According to the terms of the request for proposal, the terminal would have an initial capacity of 0.8 million tonnes of LNG per year (mpta), the estimated firm demand from the country's power generation and bauxite/aluminum production sectors. In particular, the main customers during the terminal's first phase would be the Jamaica Public Service Company (JPS), the country's major power utility; Jamaica Energy Partners (JEP), an independent power producer; and Jamalco, a bauxite and aluminium company.

For these companies, some of the largest energy consumers on the island, switching from heavy fuel oil to LNG could mean a significant reduction in costs. And, since LNG also burns more cleanly than heavy fuel oil, Jamaica is also hoping that fuel switching will deliver environmental benefits.
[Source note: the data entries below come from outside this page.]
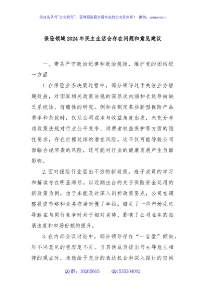 / 保险领域2024年民主生活会存在问题和意见建议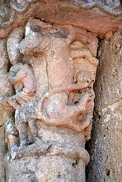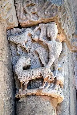 Deux quadrupèdes, aux cous distendus et enchevêtrés, s'étalent sur la quasi-totalité du chapiteau. L'un est un canidé, tirant la langue et sa queue sexuée fait un réseau complexe de nœuds et de torsades. L'autre animal a une tête simiesque. Un jeune moine tient la queue du monstre de ses deux mains et la soulève.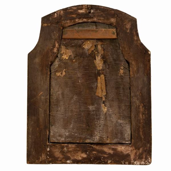 Gesù al pozzo. Gruppo di sculture lignee in cornice mistilinea dorata a due ordini di modanature. Napoli, XVII secolo

Desire for greater environmental sustainability and fuel diversity is also increasing interest in renewable energy, an intersection Worldwatch is analysing through its Energy Roadmaps for the Caribbean project. But despite its interest in wind, hydro, and solar energy, the Jamaican Government seems to be betting more heavily on LNG.

According to a recent statement by Minister of Energy and Mining Clive Mullings, the Government of Jamaica hopes that new LNG supplies and renewable energy sources can meet at least 42 per cent and 20 per cent, respectively, of the country's energy by 2030. For comparison, natural gas currently accounts for zero per cent, and renewable energy, five per cent.

Viable alternative

Whether construction of the offshore regasification terminal will meet opposition on the basis of risks to aquatic wildlife and the environment, as similar projects have encountered in the United States, remains to be seen. Nevertheless, as long as the price differential between LNG and heavy fuel oil remains large (the OUR Generation Expansion Plan cites the US Energy Information Administration for prices of US$12.10/million Btu for heavy fuel oil and US$4.88 for natural gas in 2010), it is likely that many Caribbean nations that currently depend on oil imports may be tempted to consider switching to natural gas.

The Dominican Republic already has an LNG import terminal, which it uses to power a 304 megawatt gas-fired combined cycle power plant - a plant that has saved the country US$800 million since 2003 by replacing electricity that would have been generated from imported heavy fuel oil, according to its operator.

Yet while LNG may be a more appealing alternative to heavy fuel oil and certainly coal, these island nations will have to consider carefully whether the significant capital investment that the construction of import terminals entails might lock their energy systems into dependence on another imported fossil fuel at the expense of domestically produced renewable energy.